Il ajouta la dernière partie de la phrase en jouant la carte de la culpabilité, ce qu'il n'avait jamais encore essayé.
Eileen fronça les sourcils. « Severus… Je sais que je ne suis pas heureuse, mais Tobias est parti maintenant. Ne peux-tu pas seulement me laisser ainsi ? Pourquoi aurais-je besoin d'aller dans un endroit autre qu'ici, je ne suis pas folle, Severus ».
« Je ne dis pas que tu l'es, Maman » dit Severus en essayant de garder le même ton, en sachant qu'elle était déséquilibrée et déprimée mais ne voulant pas le lui dire. Lui déclarer qu'elle était folle ne serait d'aucune utilité non plus. « Je vais… L'école va bientôt recommencer et je ne serai plus là pour t'aider. Je fais la cuisine et fais en sorte que tu ailles au lit depuis plusieurs semaines maintenant, Maman. Je ne peux pas te laisser seule et me demander si tu prends soin de toi. Cela ne serait pas un mal de voir quelqu'un qui est professionnel de ces questions et de voir ce qu'il en dit ».
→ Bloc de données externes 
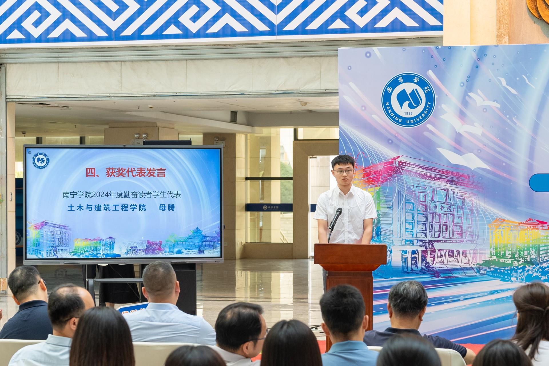 “勤奋读者”学生代表土木与建筑工程学院母腾同学分享读书收获,他表示与图书馆的缘分始于对知识的渴望和对自身匮乏的认知,受学院土梁匠家精神文化的影响爱上了阅读,又在阅读中不断深刻体会到土梁匠家这四个字背后蕴含的丰富内涵。来自商学院的钟依倩老师作为“勤奋读者”教师代表分享读书感想,她说,作为一名青年教师,深知持续学习的重要性,今后将继续以书为伴,不断提升教学能力,与同学们一起在探索中进步,让阅读成为师生共同的习惯。食品与质量工程学院党总支副书记潘炳捷代表“阅读先进单位”发言,他说,学院立足专业特色,紧扣专业特色与人才培养目标,精心制定读书活动方案,兼顾专业学术深耕与人文素养拓展,通过积极组织专业阅读分享会、跨年级“书海接力”“美食文学品鉴沙龙”等读书活动厚植学院文化根基,赋能师生成长未来。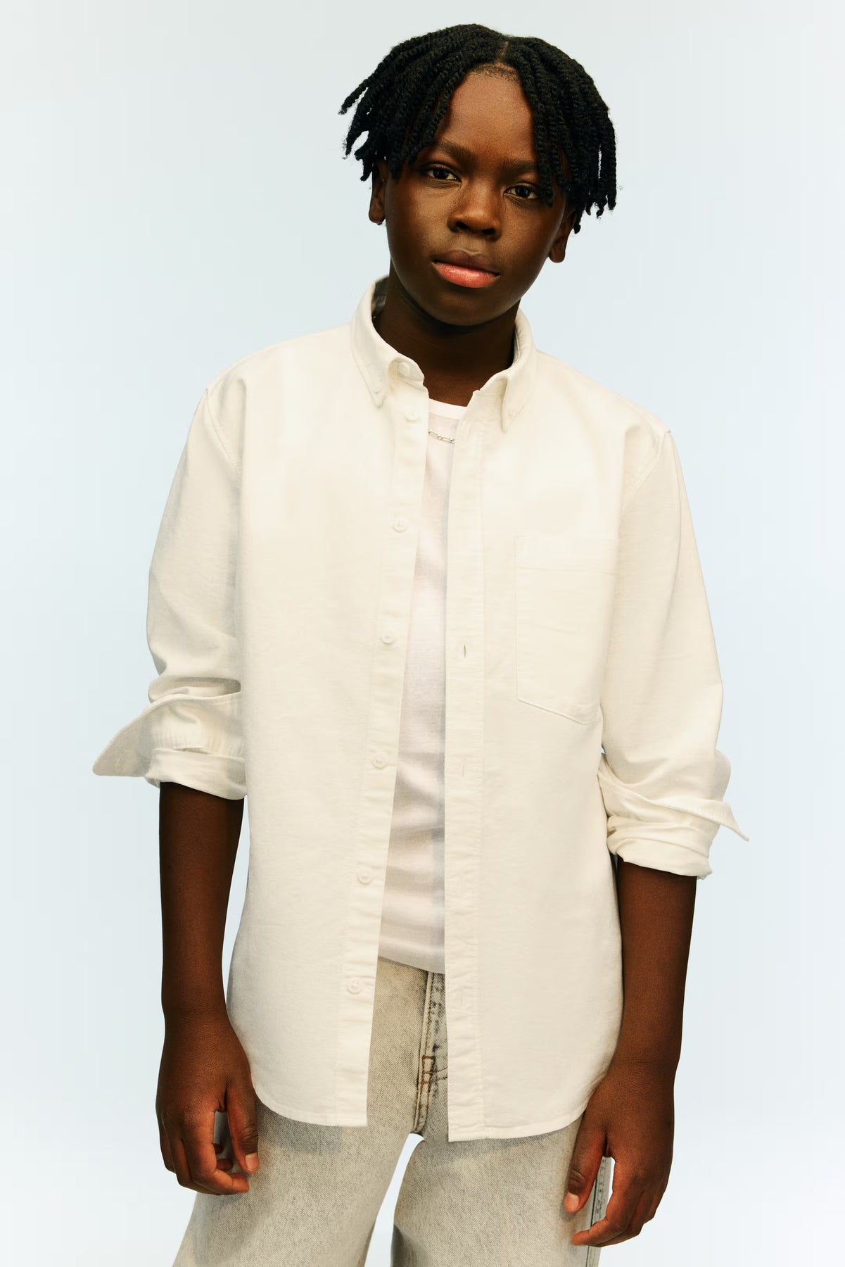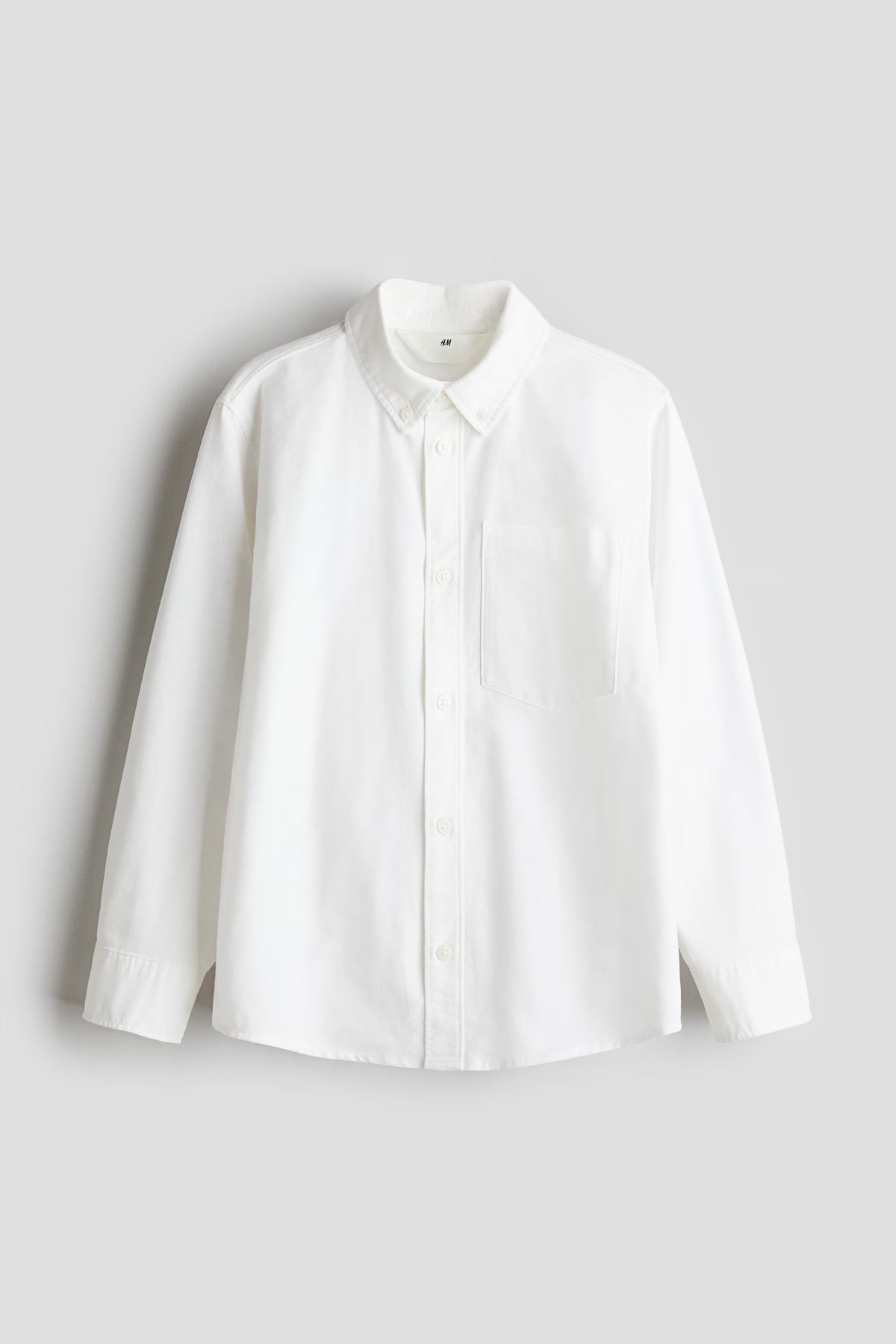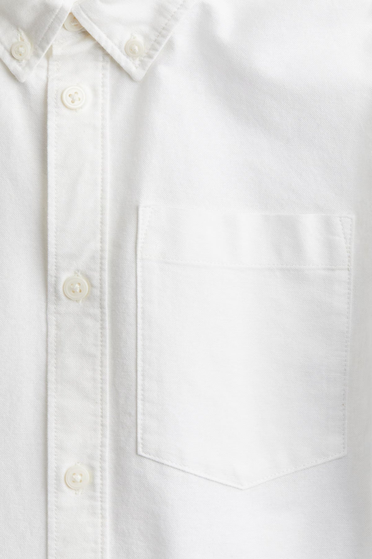 Shirt in soft woven cotton fabric. Button-down collar, buttons at front and at cuffs, and an open chest pocket. Slightly rounded hem.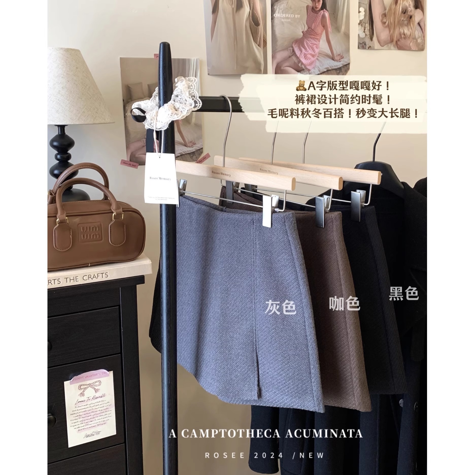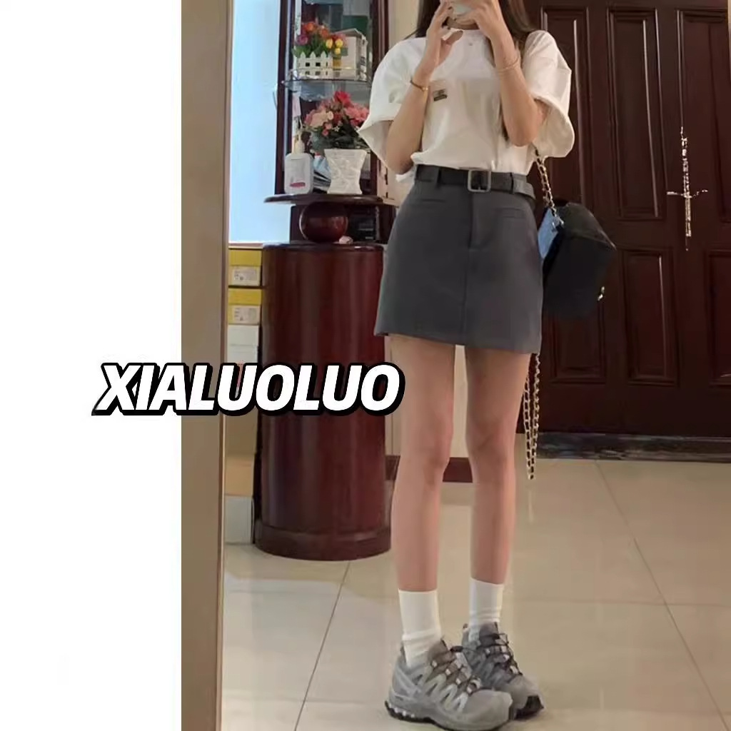 ダークグレーのスーツ風ショートスカート、ハイウエスト、秋の新作、大きいサイズ、ぽっちゃりさん向け、小柄さん向け、Aライン、ヒップを包み込むスカート
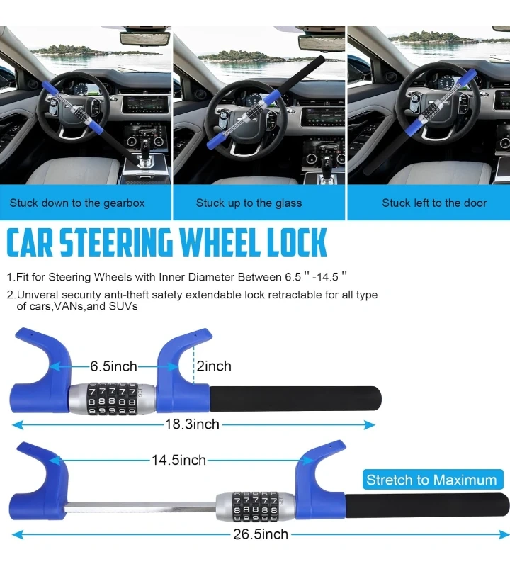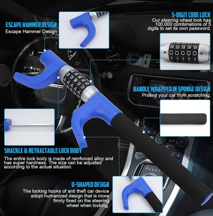 29198% New, 100% Works, $26 Antitheft Car Lock 5 Digit Combination Steering Wheel Lock Uses: Universal Vehicle car Truck Van SUV Password Code: You set your own. Material: Heavy Security Guard Steel Plastic:Blue 48.8 x 14 x 6.4 Centimetres Including: 1x Steering wheel lock, 1x Screw driver. STRONG VERSATILITY: Twin U Type lock fork Extendable and retractable lock, fit most of steeling wheel diameter range from 7-15.5 inches (18-39cm). Universal fit for cars, vans, trucks and SUVS HYDRAULIC SHEAR: The lock body reinforced alloy molding, anti cutting, anti drilling, sawing prevention, prying prevention. adjust the size of tensile lock body according to the actual situation , convenient and practical. HIGH SECURITY KEYLESS LOCK: Password protected, needless to carry a extra key with you. Mechanical digital password lock is relatively stable, durable, sturdy and reliable, does not need a key to open, preventing a universal key, 5 digit password to open, actually has a large number of password, password combination up to 13 million. ##### First Come First Serve, No holding for anyone who says I am comimg to get it. Only for serious buyer. What You See Is What You Get (WYSWYG) Sold AS IS condition and no return policy after the point of check out. Accept CASH only AND face to face trade ONLY. DO NOT accept PayPal or e-cheque! If ( you are a Scammer, please stay away from me by God's sake! Jesus Christ is God and can be your saviour too.) Location at Thornhill Vaughan to pick up: (use Google Map copy and paste ): 43.806683,-79.456018 88-735 New Westminster Dr, Thornhill. (***please noticed that I am not living at unit 88, but there is a small parking area next to an entrance of a basement carpark, I need to walk out there to meet you in 2 mins***) Or use link in Google Chrome: https://maps.app.goo.gl/iybEFxbi3cHE7RqJA Please click into my profile listings to see which may also fit your needs. Scammer: God Jesus Christ protects me! HE can be your saviour too if you repent and return to God TODAY!
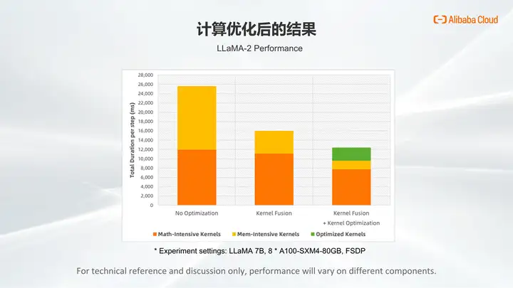 在 Llama 2-7B 模型的性能测试中,我们能够明显观察到上述计算优化带来的效果。通过利用 XLA 自身的优化技术,尤其是 kernel fusion,我们将大量的访存密集型算子做了有效合并,从而大幅减少其数量,在叠加 FlashAttention 后,优化性能进一步提升。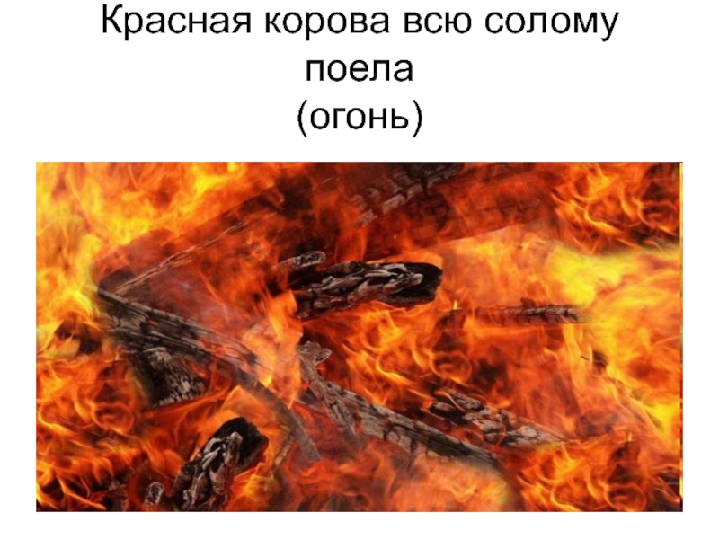 Слайд 12Красная корова всю солому поела (огонь)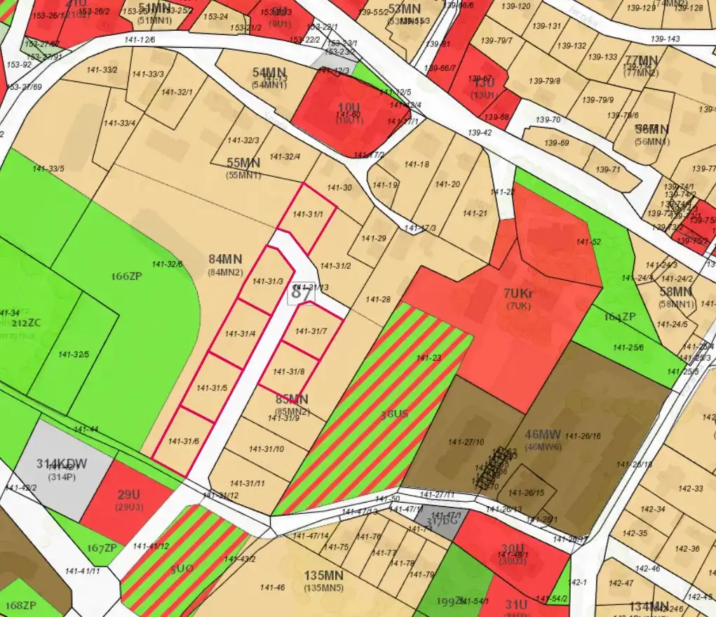 Przedmiotowe działki położone są na terenie objętym ustaleniami „Miejscowego planu zagospodarowania przestrzennego osiedla Gutkowo, zlokalizowanego między linią kolejową a ulicami Kanarkową, Basieńki i Rzędziana w Olsztynie” (Uchwała Rady Miasta Olsztyna Nr VI/97/19 z dnia 27 marca 2019 r.) i oznaczone są symbolami: 55MN1 – działka 31/1; 84MN2 – działki 31/3, 31/4, 31/5, 31/6; 85MN2 – działki 31/7 i 31/8. Przeznaczenie ww. terenów: zabudowa mieszkaniowa jednorodzinna wolnostojąca. Obsługa komunikacyjna ww. nieruchomości powinna odbywać się zgodnie z ustaleniami miejscowego planu zagospodarowania przestrzennego, przez działkę nr 31/13, obr. 141, oznaczoną w ww. miejscowym planie symbolem 241KDD12 – drogi publiczne, która stanowi teren nieurządzony.

Eileen resta silencieuse. Elle sembla réfléchir avant de répondre. Après un long moment, elle murmura en laissant tomber ses épaules. « Je sais que tu as raison, Severus. C'est juste que…l'admettre est difficile ». Elle s'arrêta puis hocha la tête lentement. « C'est d'accord ».
Severus soupira, soulagé, et se leva de son siège pour aller embrasser sa mère.
« Tu te rends compte que je fais cela uniquement pour toi » dit Eileen d'un voix sarcastique en passant ses doigts dans ses cheveux.
« Je sais, Maman. Je sais ».
Et c'était suffisant.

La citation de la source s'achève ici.